Je ne suis pas Harry ! Hourra !

Chapitre 3 : Sirius Black

3191 mots, Catégorie: M

Dernière mise à jour 07/08/2024 14:57

Maïté dégringola dans l'eau ! Ce n'était pas un océan, ni une mer, ni un lac, ni un ruisseau, mais juste une flaque d'eau boueuse au milieu d'une ruelle sombre. Elle ne ressentait pas le froid, même si son dos et ses fesses étaient immergés dans la mare.

Cependant, elle souffrait énormément, la douleur la rongeait de l'intérieur, chaque respiration était un supplice et le sang moussait sur ses lèvres. Son « médecin » interne commenta : « c'est un mauvais signe ça. »

Maïté essaya de se palper pour comprendre l'étendue des dégâts, mais au lieu de passer les mains sur son corps, elle sembla s'effondrer vers l'intérieur. Elle eut l'impression de se transformer en une luciole magique parcourant les os et les artères, en les observant attentivement à la recherche des altérations.

« Les hématomes, ce n'est pas sérieux, je m'en occuperai plus tard. L’os de la jambe gauche, ce n'est pas pressant non plus. Mais là-haut, ah ! C’est urgent - la rate est éclatée, c'est dangereux ! » La petite luciole, qui répondait également au nom de Maïté, s'approcha de rate pour la nettoyer et la réparer. En essuyant son front imaginaire, elle se dit : "Il s'en est fallu de peu." Puis, elle se dépêcha de partir.

« Trois côtes fêlées - on les répare. Ah ! Ici, c'est grave - une côte brisée a perforé le poumon et a également endommagé un gros vaisseau sanguin, en provoquant un Hémothorax (1) Ça explique la présence de la mousse sanguinolente sur les lèvres. » Maïté s'occupa de tout : elle répara d'abord l’artère, puis la lésion du poumon et pour finir ressouda la côte.
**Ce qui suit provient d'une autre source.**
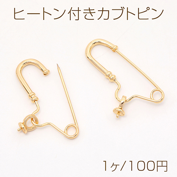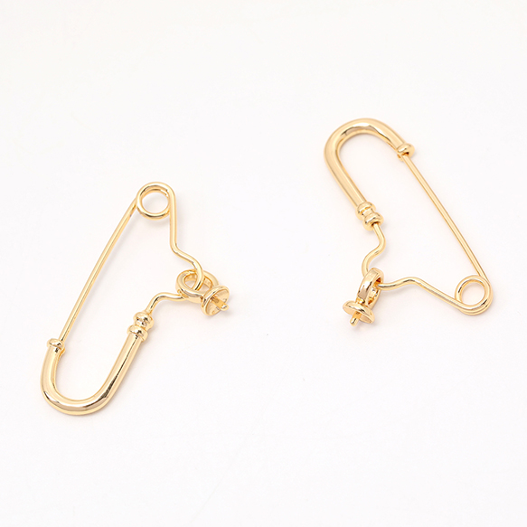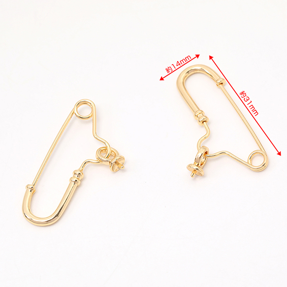 ヒートン付きカブトピン ブローチピン金具 18Kゴールドメッキ 色落ちしにくい 14×31mm(1ヶ)

Elle poursuivit son examen et découvrit une commotion cérébrale avec un hématome sous-dural (2), qu'elle prit immédiatement en charge.

Complètement épuisée, haletante, elle reprit conscience, toujours dans la ruelle, allongée dans l'eau. Elle ne ressentait plus aucune douleur.

Maïté prit une grande inspiration, s'assit, se frotta le visage et sursauta de surprise. Ce n'était pas ses mains, elle avait des petites mains au manucure soigné et non ces « pelles Poclain » (3) aux ongles cassés, qui se trouvaient devant ses yeux.

Prise de panique, elle se tâta et se regarda : des jambes longues enveloppées dans un jean déchiré et crasseux, et un torse sans la moindre trace de poitrine, caché sous un sweat tout aussi crasseux. « May ». Chuchota-t-elle. « Quel étrange délire ! C'est vraiment étonnant ! On aurait dû être en décembre mais ici, si l'on se fie à la température, on dirait bien que c'est le printemps. »

Ensuite, elle se remémora l'accident, les rencontres bizarres qui le suivirent, et elle dut déployer des efforts titanesques pour rester calme.

« Pas d'affolement, des deux choses une, soit je suis devenu folle à cause du stress, et actuellement en plein délire, j'occupe une chambre tout confort au sein d'un hôpital psychiatrique. Soit j'ai réellement eu un accident de voiture et c'est mon cerveau, mourant ou comateux qui me montre ce « cinéma ». Dans ces deux cas je n'y peux rien.

Mais il existe une toute petite probabilité que tout ça soit vrai : accident, Nazgûl, May... Et là je peux agir ! Alors je vais faire comme si... De toute façon si je suis cinglée ou mourante, cela ne me nuira pas. Donc passons aux choses sérieuses. »

Maïté, (ou peut-être May ? Non, amis et voisins, pas encore, pas tout à fait) jeta un coup d'œil autour d'elle avant de se lever et repéra des bouts de bois et des cordes brisées. C'était tout ce qui restait de la guitare de May. Ou devrait-elle dire sa guitare ?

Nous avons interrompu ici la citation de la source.